# DATASET EXCERPT:
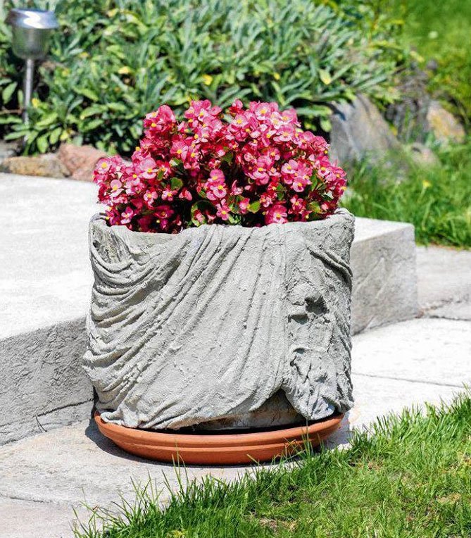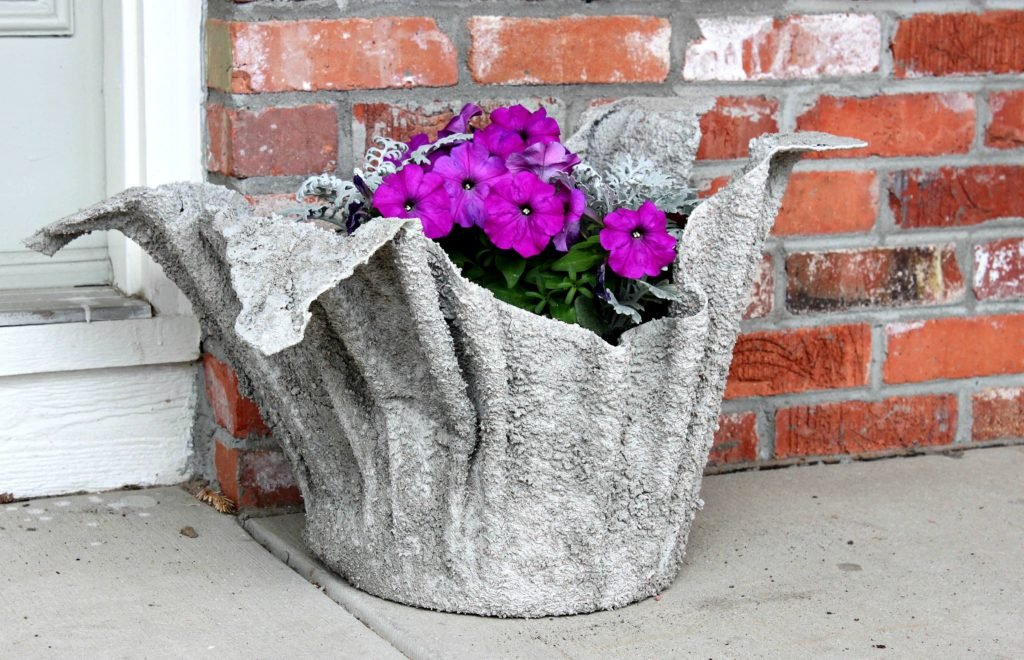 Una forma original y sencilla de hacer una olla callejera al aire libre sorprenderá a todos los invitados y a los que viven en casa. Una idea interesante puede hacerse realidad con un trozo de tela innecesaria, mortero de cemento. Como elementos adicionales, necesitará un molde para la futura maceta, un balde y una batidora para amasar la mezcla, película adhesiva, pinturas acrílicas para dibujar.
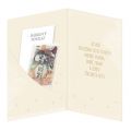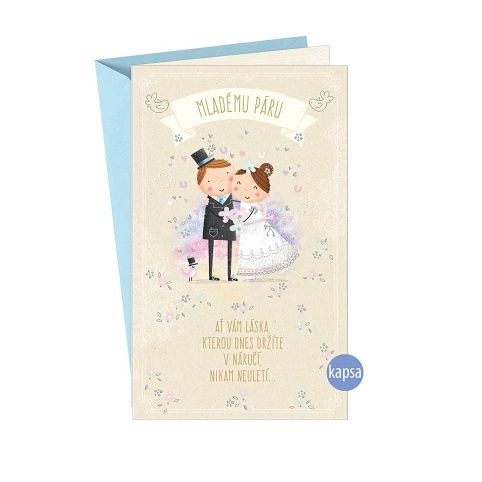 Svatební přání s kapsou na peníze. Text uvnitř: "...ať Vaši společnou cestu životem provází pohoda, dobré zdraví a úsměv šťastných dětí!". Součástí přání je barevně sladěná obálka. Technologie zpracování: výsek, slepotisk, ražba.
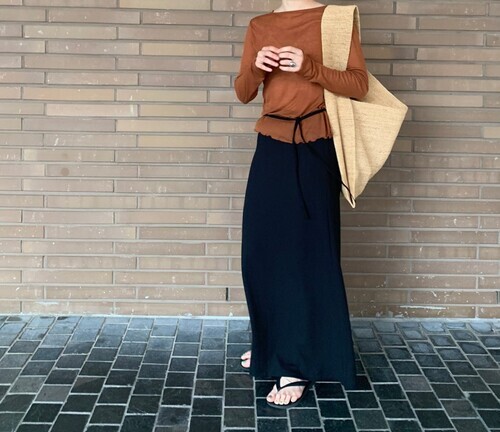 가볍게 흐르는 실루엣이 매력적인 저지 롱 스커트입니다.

# TASK REQUIREMENTS:
With the pictures excluded, retype exactly the lines from the one containing "Svatební přání s" through the last line of the listing, both ends included.

# FINISHED EXERCISE:
 Svatební přání s kapsou na peníze. Text uvnitř: "...ať Vaši společnou cestu životem provází pohoda, dobré zdraví a úsměv šťastných dětí!". Součástí přání je barevně sladěná obálka. Technologie zpracování: výsek, slepotisk, ražba.
 가볍게 흐르는 실루엣이 매력적인 저지 롱 스커트입니다.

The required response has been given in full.